Smart Business spoke with Tobias Kennedy, vice president of Sales and Service at Montage Insurance Solutions, about how to handle new hires, in the final of a three-part series on the employer shared responsibility provision.
When must health coverage be offered to new hires?
Per the PPACA, new hires must be offered coverage within 90 days if you reasonably expect the person to be full time. However, if, at the time of hire, you cannot reasonably predict whether the person will be full or part time, you can submit the employee to a similar set of measurement/stability periods as the full-time ongoing staff. (For more information on ongoing staff measurement/stability periods, see the second article in this series.) The term ‘standard measurement’ was created to distinguish ongoing staff from what you can use for new hires, which is called an initial measurement period.
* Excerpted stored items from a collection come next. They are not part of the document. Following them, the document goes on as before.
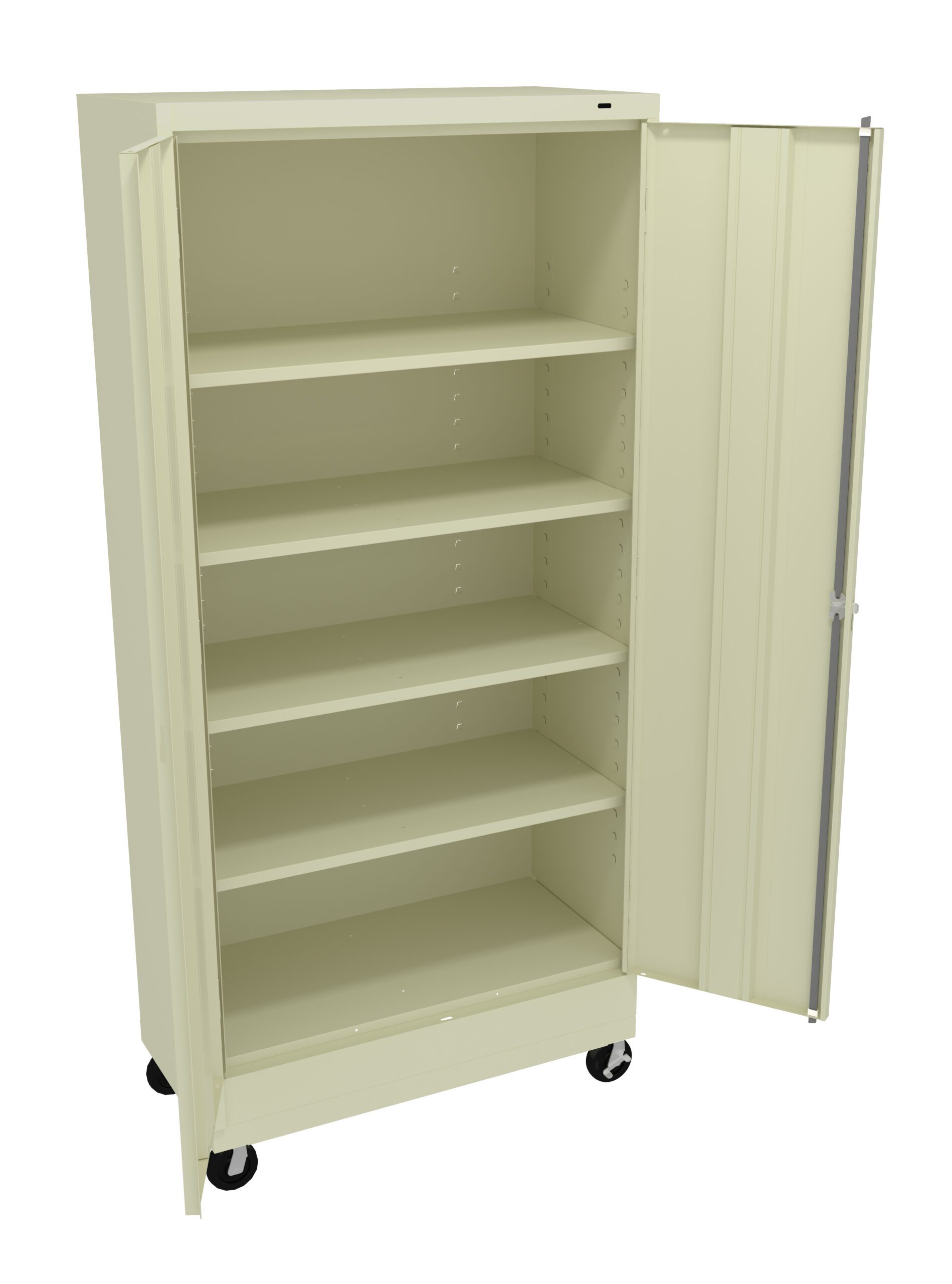 A tall, beige metal storage cabinet with one door open. It has five adjustable shelves inside and is mounted on wheels for mobility. The cabinet is empty, showcasing its storage capacity.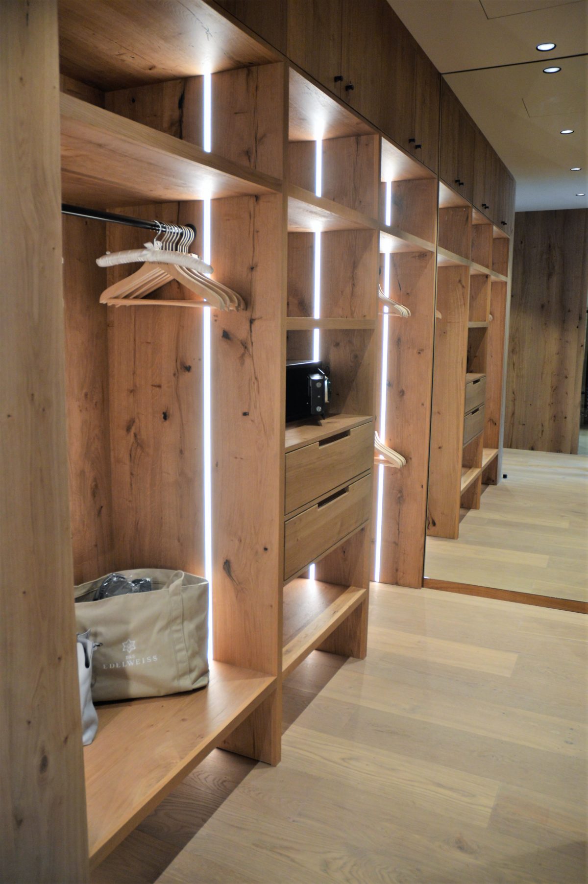 Mein Herz schlägt höher, als ich den offenen und geräumigen Schrankraum entdeckt habe. Endlich Platz für alle (zu viel) mitgebrachten Outfits.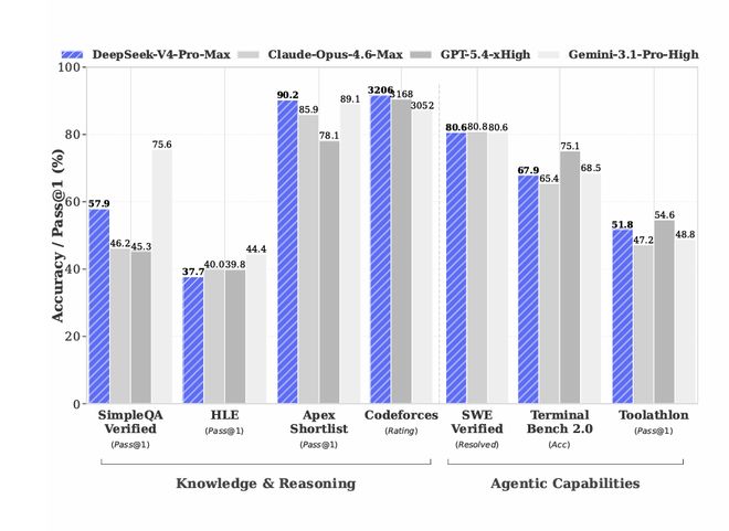 DeepSeek-V4-Pro-Max 的基准性能对比
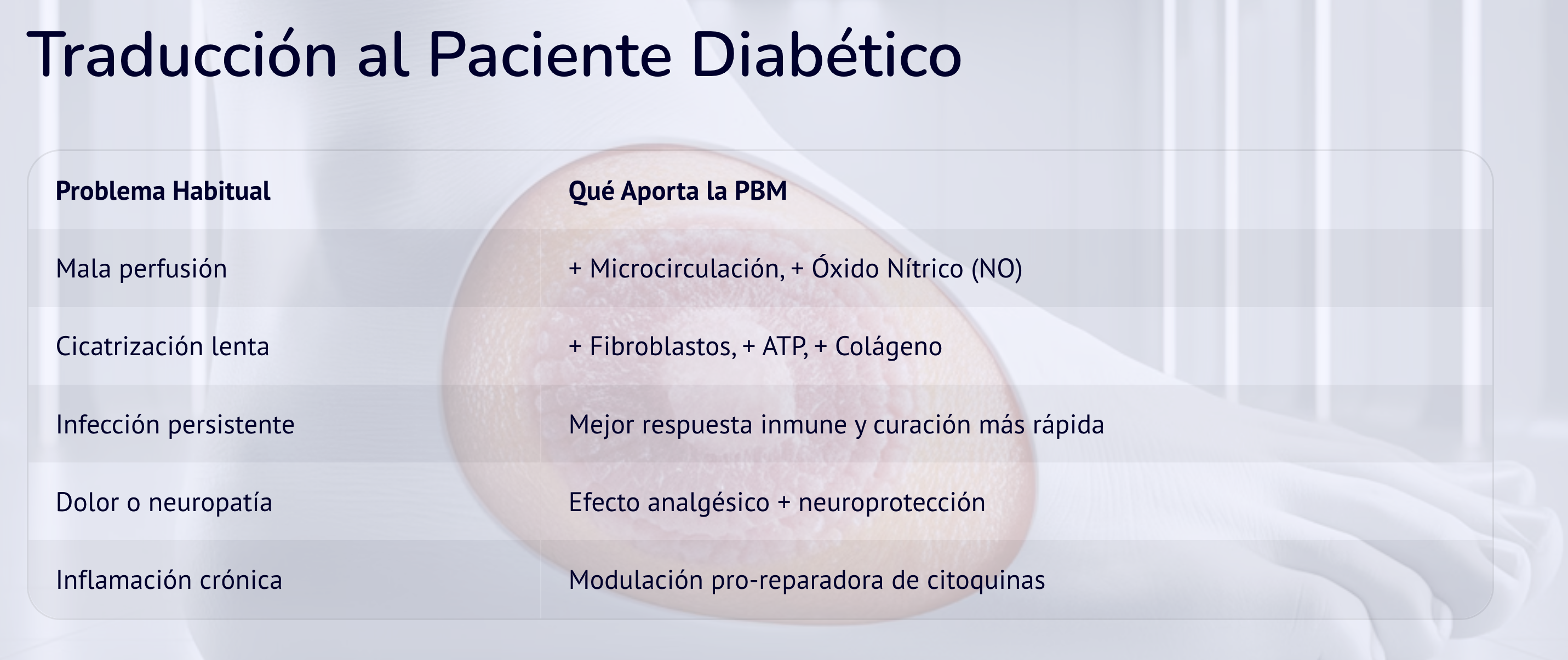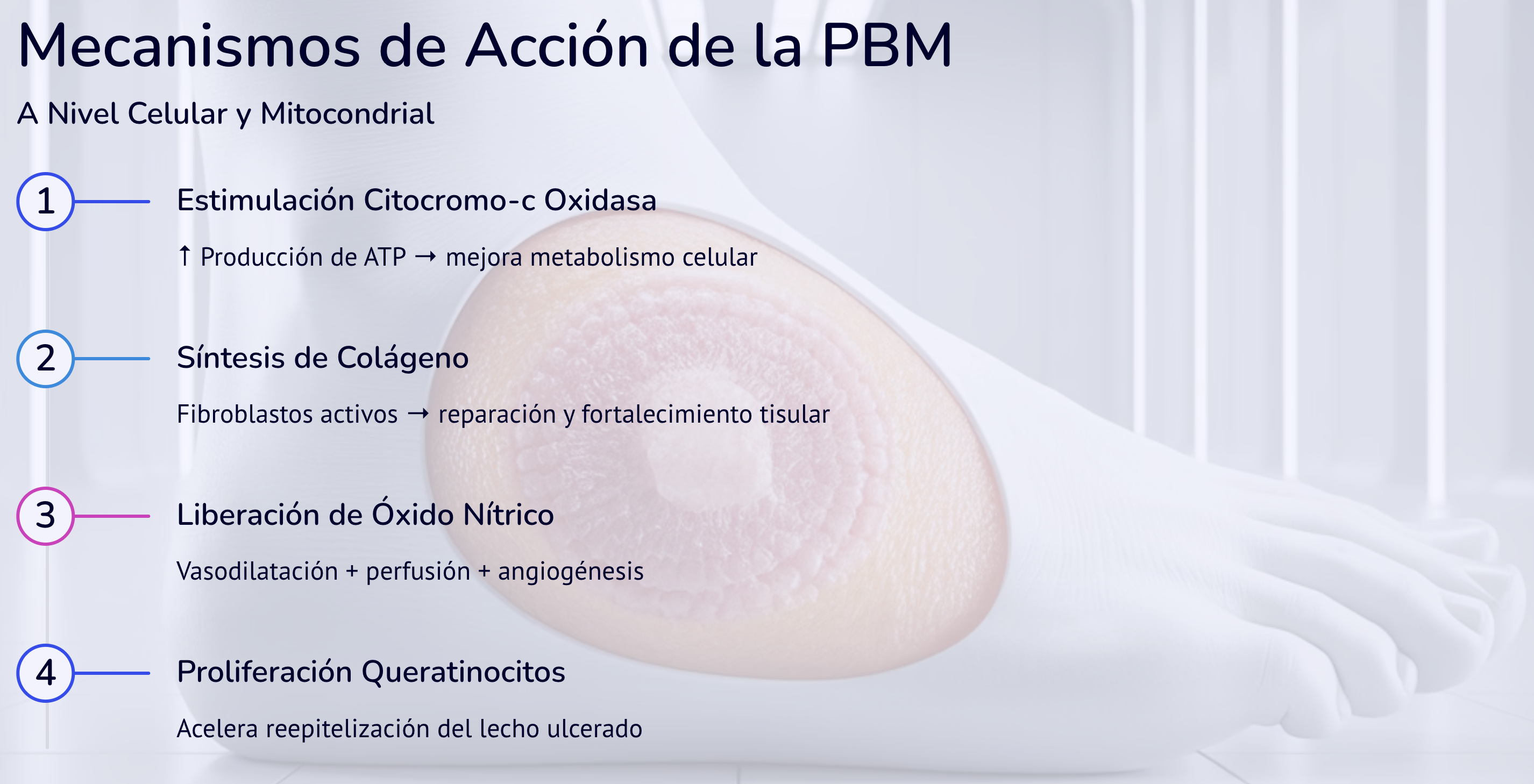 La Fotobiomodulación Láser (PBM) induce efectos fotofísicos → fotoquímicos → biológicos que favorecen la reparación tisular y control inflamatorio en un entorno alterado por la diabetes.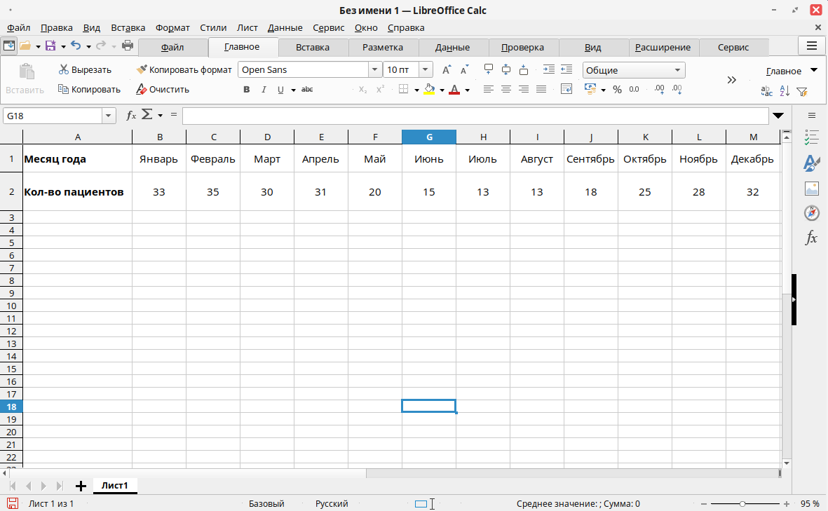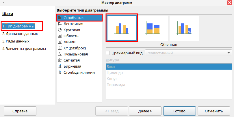 После редактирования параметров диаграммы нажмите кнопку «Готово». В окне LibreOffice Calc под таблицей данных появится автоматически созданная диаграмма:
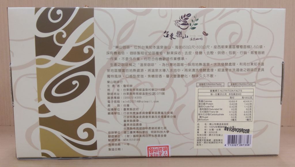 樂山咖啡位於台東知本溫泉後山,海拔450~600公尺,座西朝東園區種植面積3.5公頃,採有機栽培,咖啡製程從幼苗種植、鮮果採收、去皮、發酵、去殼、烘培、包裝、行銷、販售皆統一作業,不委外作業,均符合有機驗證作業標準。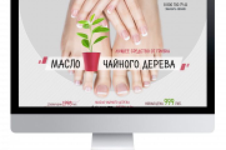 Прорисовка дизайна лендинга для средства от грибка стопы "Масло чайного дерева"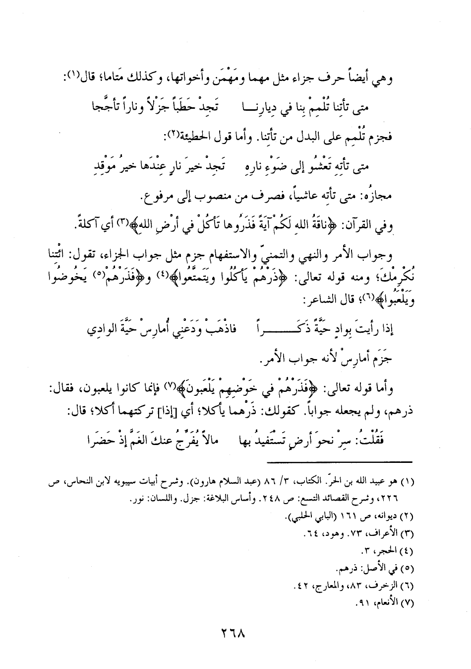 وأما قوله تعالى: {ذَرْهُمْ فِي خَوْضِهِمْ يَلْعَبُونَ} فإنما كانوا يلعبون، فقال: ذرهم، ولم يجعله جواباً. كقولك: ذرهما يأكلا؛ أي [إذا] تركتهما أكلا؛ قال: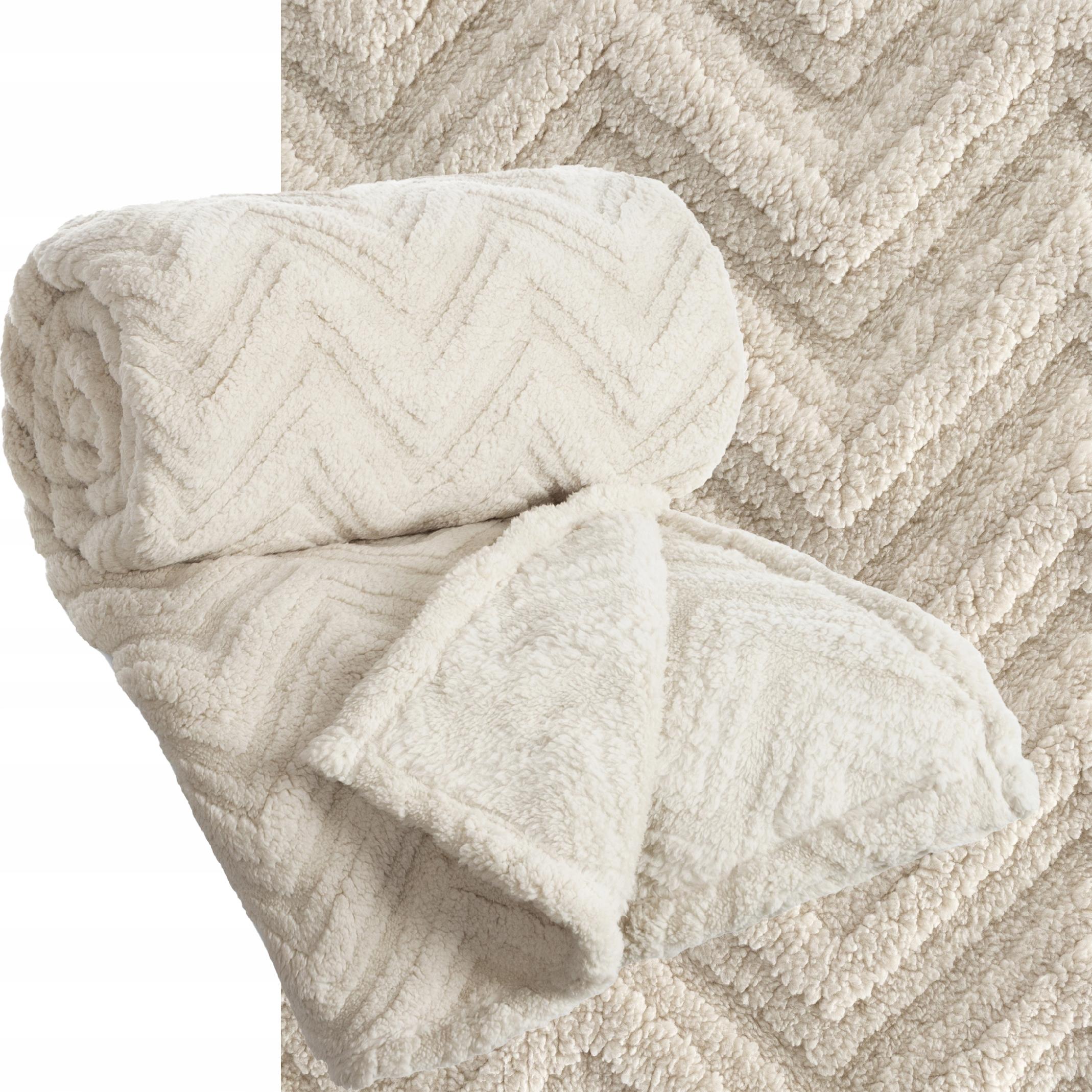 Koc narzuta 150×200 gruby mięciutki puszysty jodełka beżowy

How does the initial measurement period work?
Like the standard measurement, the initial measurement period must be continuous months of between three and 12 months. Also, you have an administration period and an associated stability period where, as long as the person remains employed, you treat him or her according to the results of the hourly average from the measurement period.
What administration period rules need to be satisfied for new hires?
First, the period is no longer than 90 days — same as for ongoing staff. However, there is a caveat that the 90 days actually starts counting upon date of hire, keeps counting until you start your initial measurement period, where it pauses, and begins counting again for the period from the close of the measurement period through to the start of coverage. This is pertinent if you don’t measure from date of hire, such as beginning to measure the first of the month following date of hire, so some days between hire date and measurement beginning are deducted from the total 90-day allotment.
Also, the administration period when added to the initial measurement period cannot exceed the first of the month following 30 days of an employee’s anniversary. The longest an employee can possibly go from date of hire to coverage effective is 13 months and some change.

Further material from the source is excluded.